The measurements enter the data-assimilation problem via the likelihood \(f(\pmb {\mathcal {D}}|\pmb {\mathcal {Z}})\). The likelihood is one of the less well-understood parts of the data-assimilation problem. To fully grasp its meaning, we should distinguish between the actual measurement process and how we treat measurements in the data-assimilation process. During the measurement process, the measurements are random variables. We measure them from the unknown true state of the system, to which nature adds a random draw from the measurement-error pdf. Once we have collected the measurements, they are not random but fixed. Of course, the measurements have errors, but that does not make them random because we know them exactly. This realization means that the likelihood is not the pdf of the measurements but rather a function of the state, and the measurements are fixed in that function. Detailed further discussions can be found in Van Leeuwen (2015, 2020).

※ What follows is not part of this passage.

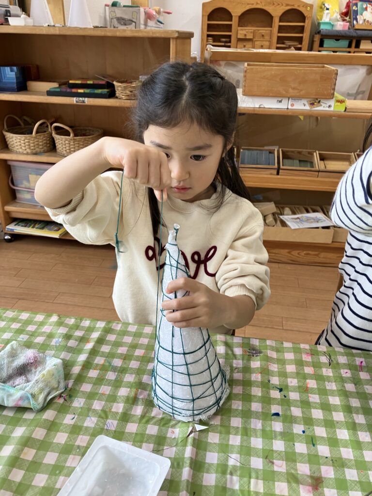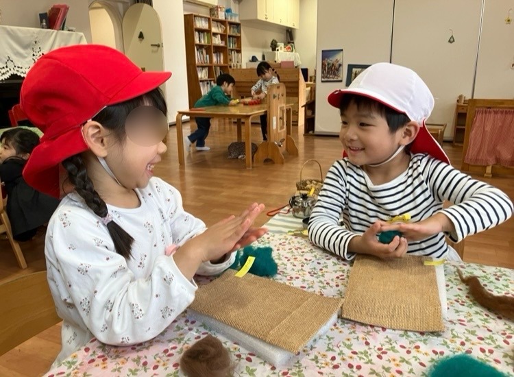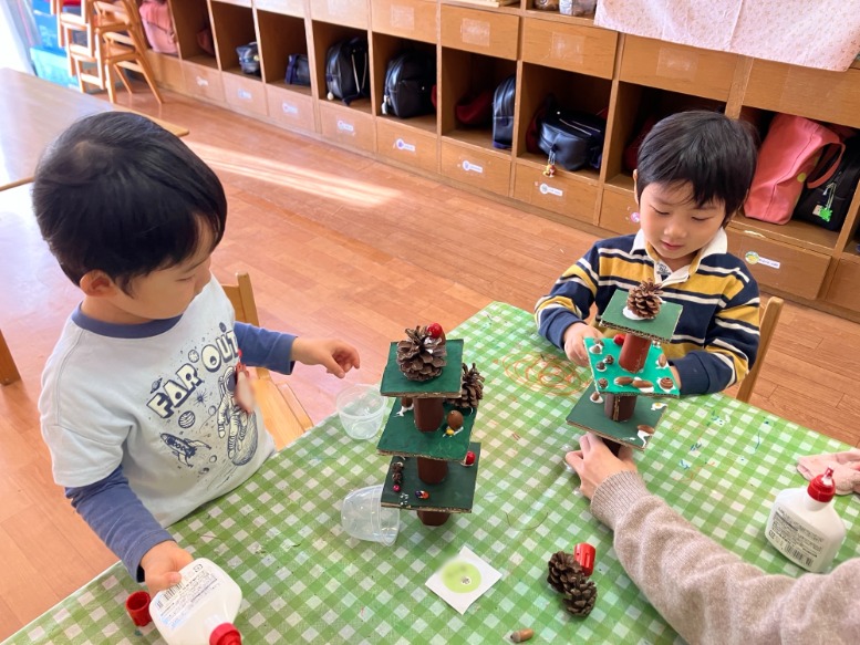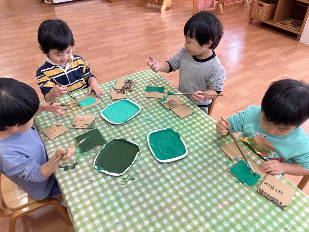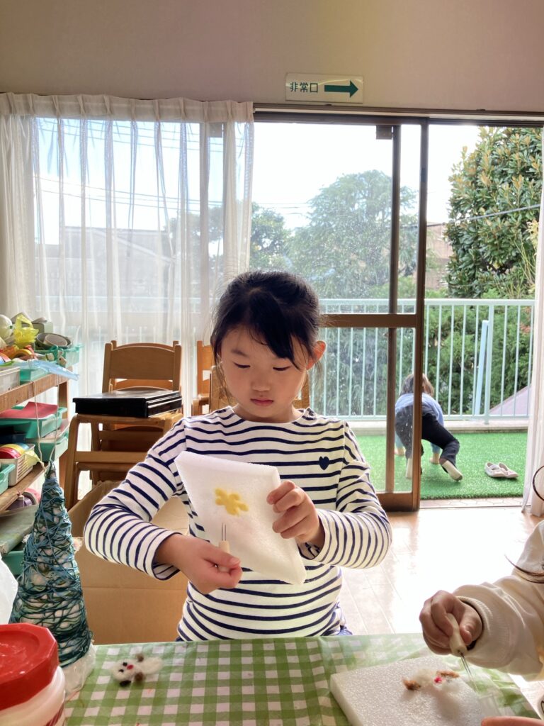 クリスマス祝会では、大好きなおうちの方へプレゼントを贈ります。「せんせい ナイショだからね!言っちゃだめだよ!」 「なんで絵の具いてたらわかっちゃうからきれいに洗っとこ😊✋」 「ママ、ぜったいよろこぶな🥰」

To obtain the likelihood, we need to calculate \(f(\pmb {\mathcal {D}}|\pmb {\mathcal {Z}})\) for each possible \(\pmb {\mathcal {Z}}\), which is the (unnormalized) probability that this specific vector \(\pmb {\mathcal {Z}}\) would result in the fixed set of measurements. Note that to obtain the likelihood \(f(\pmb {\mathcal {D}}| \pmb {\mathcal {Z}}) = f(\pmb {\mathcal {E}}) = f\bigl (\pmb {\mathcal {D}}- \pmb {\mathcal {G}}(\pmb {\mathcal {Z}})\bigr )\), we need to prescribe the probability-density function of the measurement errors \(\pmb {\mathcal {E}}\).

Assuming knowledge of the probability density \(f(\pmb {\mathcal {Z}})\) of all the uncertain variables in the state vector \(\pmb {\mathcal {Z}}\) and the likelihood \(f(\pmb {\mathcal {D}}| \pmb {\mathcal {Z}})\), we can define a general form of the data-assimilation problem through Bayes’ theorem. We can derive Bayes’ theorem from the definition of conditional pdfs,

$$\begin{aligned} f(\pmb {\mathcal {Z}}, \pmb {\mathcal {D}}) = f(\pmb {\mathcal {Z}}| \pmb {\mathcal {D}}) f(\pmb {\mathcal {D}}) = f(\pmb {\mathcal {D}}| \pmb {\mathcal {Z}}) f(\pmb {\mathcal {Z}}), \end{aligned}$$
(2.9)

where we solve for \(f(\pmb {\mathcal {Z}}| \pmb {\mathcal {D}})\) to get

$$\begin{aligned} f(\pmb {\mathcal {Z}}| \pmb {\mathcal {D}})&= \frac{f(\pmb {\mathcal {D}}| \pmb {\mathcal {Z}})\, f(\pmb {\mathcal {Z}})}{f(\pmb {\mathcal {D}})}. \end{aligned}$$
(2.10)

This equation becomes Bayes’ theorem when used with the fixed measurement set \(\pmb {\mathcal {D}}\). Lorenc (1988) and Tarantola (1987) introduced the Bayesian formulation for time-independent problems, and it was extended and generalized for time-dependent problems by Van Leeuwen and Evensen (1996). The pdf of the state vector \(\pmb {\mathcal {Z}}\) given the measurements \(\pmb {\mathcal {D}}\), i.e., \(f(\pmb {\mathcal {Z}}|\pmb {\mathcal {D}})\) is the solution to the data-assimilation problem. We stress that we know the observations in data assimilation, \(\pmb {\mathcal {D}}\) is not a random vector, and Bayes’ theorem is a point-wise equation for each vector \(\pmb {\mathcal {Z}}\).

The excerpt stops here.